We now investigate a way to derive the expected hitting times. Let $P$ denote the transition probability matrix. For any state $s\neq D$, the expected first hitting time is the probability of transition to each possible second state times the expected value from that state plus $1$: \begin{eqnarray} E\left[\tau_D\right|\left.X_0 = s\right] & = & \sum_{s'} P_{s,s'} E\left[\tau_D\right|\left.X_0=s,X_1=s'\right]\\ & = & \sum_{s'} P_{s,s'} E\left[\tau_D\right|\left.X_1=s'\right]\\ & = & \sum_{s'} P_{s,s'} \left(1+E\left[\tau_D\right|\left.X_0=s'\right]\right)\\ \end{eqnarray} where we have used the Markov property (which applies to expectations by a straightforward demonstration) and homogeneity, respectively, for the last two equations. Note that this equation would yield $E\left[\tau_D\right|\left.X_0=D\right] = 1 + E\left[\tau_D\right|\left.X_0=D\right]$ if $s=D$ which can't be satisfied. For $s=D$, we have: \begin{eqnarray} E\left[\tau_D\right|\left.X_0=D\right] = 0\tag{2}\label{default} \end{eqnarray} If we let $x$ be the vector such that $x_i = E\left[\tau_D\right|\left.X_0=s_i\right]$, then the above equation can be written as: \begin{eqnarray} x = P(e+x) \end{eqnarray} where, as usual, $e$ is the vector of all $1$'s. This is equivalent to: \begin{eqnarray} (I - P) x = e \end{eqnarray} Note that the equation corresponding to $D$ in this system of equations needs to be replaced by equation (\ref{default}).

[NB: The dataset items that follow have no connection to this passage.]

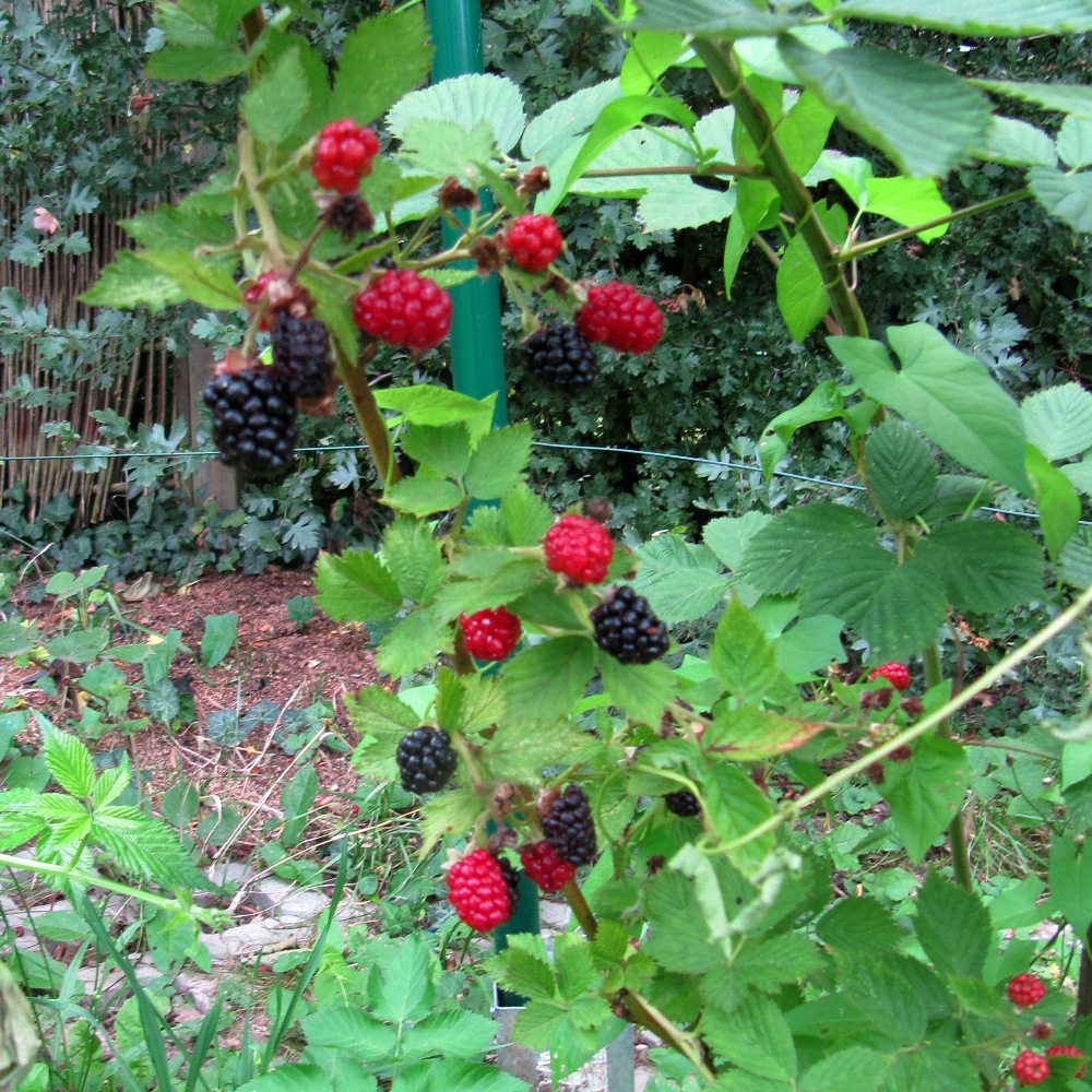 Ich kenne Brombeeren bisher nur als unkontrollierbares Gewirr von immer länger werdenden Trieben, die alles, was irgendwie in der Nähe ist als Rankhilfe missbrauchen. Daher bin ich auf der Hut und hoffe sehr, den Zustand der undurchdringlichen Dornröschenhecke zu vermeiden. Bisher ist der Plan, im Herbst alle abgeernteten Triebe zu entfernen. Es sieht dann wahrscheinlich wieder aus wie frisch gepflanzt. Mal sehen, ob der Plan sich auch umsetzen lässt – und ob die Brombeeren nächstes Jahr wieder tragen.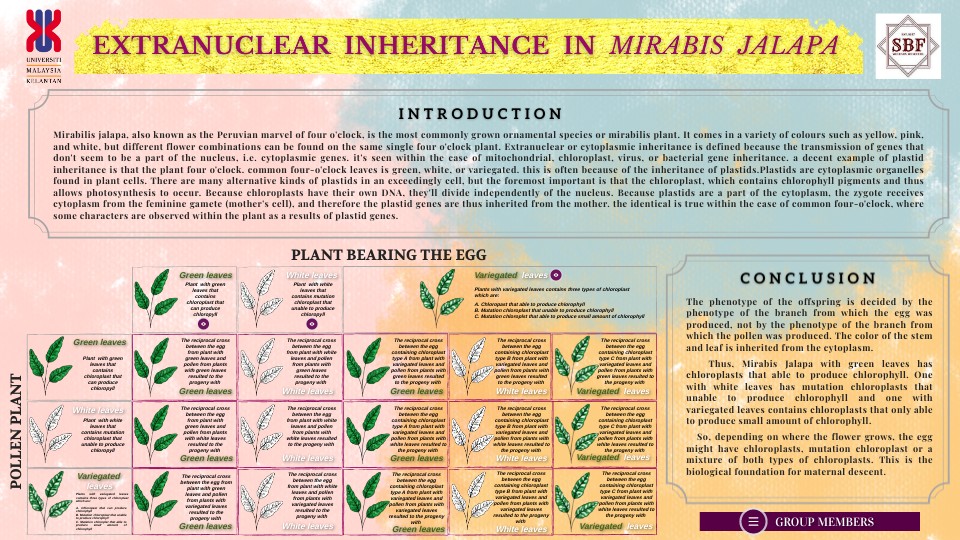 A reciprocal cross performed by white (female seed) and green Mirabilis (male seed) leaves. The progeny of the cross exhibited the same phenotypic as the female parent, white color. Thus, leaves color in Mirabilis is strictly inherited from the mother. Another, reciprocal cross performed by white (female seed) and white Mirabilis (male seed) leaves. Same as above, the progeny has the same color as the female parent which is white leaves. Variegated leaves from male seed and white leaves from female seed are shown the reciprocal cross. As a result, their inheritance is white leaves.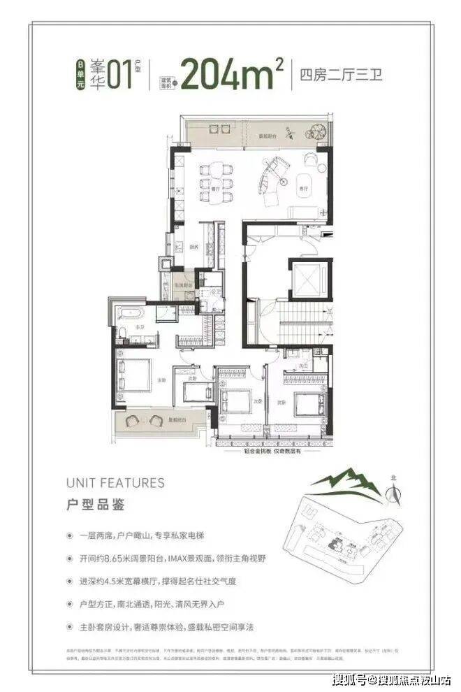 同样的专梯入户,豪宅感扑面而来,该户型为顶级大户型,四阳台设计,最大有10.55米的景观阳台和180度视野的餐客厅空间奢阔气场尽显,罕见的南北瞰景四阳台设计,让家的每个角落都能欣赏美丽的山景和城市景观。所有的开窗面都尽可能放大,客餐厅、书房、卧室、几乎都能享受超宽超大屏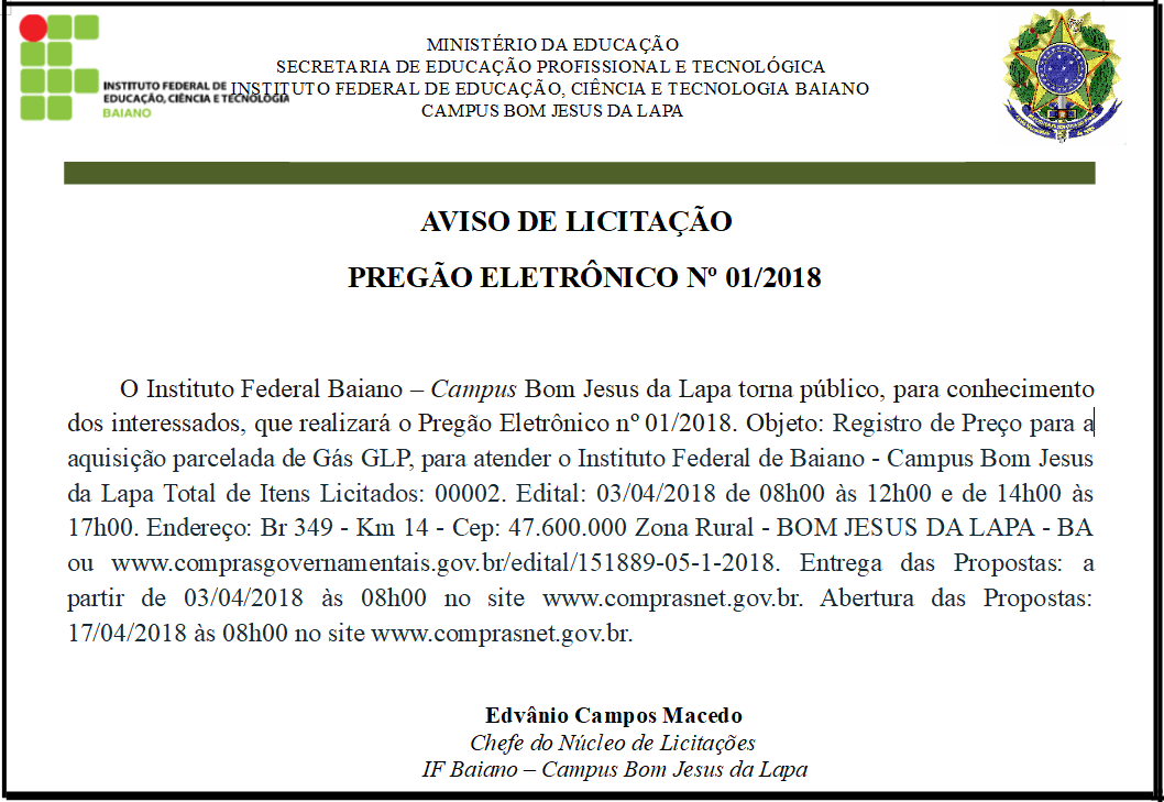 Aviso de Licitação – Pregão Eletrônico nº 01/2018

Applying the above formulas to the transition matrix given in the rating migration example, we get the following expected number of years to default:

NR	AAA	AA	A	BBB	BB	B	CCC	D
226	246	241	236	228	209	172	84	0

It is surprising that it is an expected $84$ years to default from a rating of CCC given that the probability of going directly to default from CCC is about $37.6\%$ and the probability of staying in CCC is about $38.2\%$. The probability of defaulting each period given that there is no other change in rating is given by: \begin{eqnarray} \frac{37.6\%}{1-38.2\%} \approx 60.8\% \end{eqnarray} The expected time of defaulting given that there is no other change in rating is given by the expected value of the geometric distribution with probability $p \approx 60.8\%$: \begin{eqnarray} \frac{1}{1-p} = \frac{1}{1-60.8\%} \approx 2.55 \end{eqnarray} How can we then explain an 84 year expected time including upgrades? For example, there is a $14.3\%$ probability of the rating changing to NR. This adds an addition $14.3\% * 226 \approx 32.3$ years. For this reason, we also calculate the expected number of years given that there is no change to NR:

AAA	AA	A	BBB	BB	B	CCC	D
167	157	147	130	100	57	18	0

Intermediate Dynamics and Quasi-stationary Distributions

According to the model, ratings all end up in default. However, as we have seen by both probabilities to default by a particular time (2nd lecture) and expected times until default (this lecture), this can take a long time, say, more than $100$ years. As the famous economist Keynes said "In the long run, we are all dead". The only known absorbing state for life is death. Many people would agree that what happens before the absorbing state is more interesting. Notice that in the chart of the probability of default given the initial rating, in the intermediate term, before the probability of default approaches 1, the probability of default seems to be going up linearly. We will explain why this is approximately true in this section.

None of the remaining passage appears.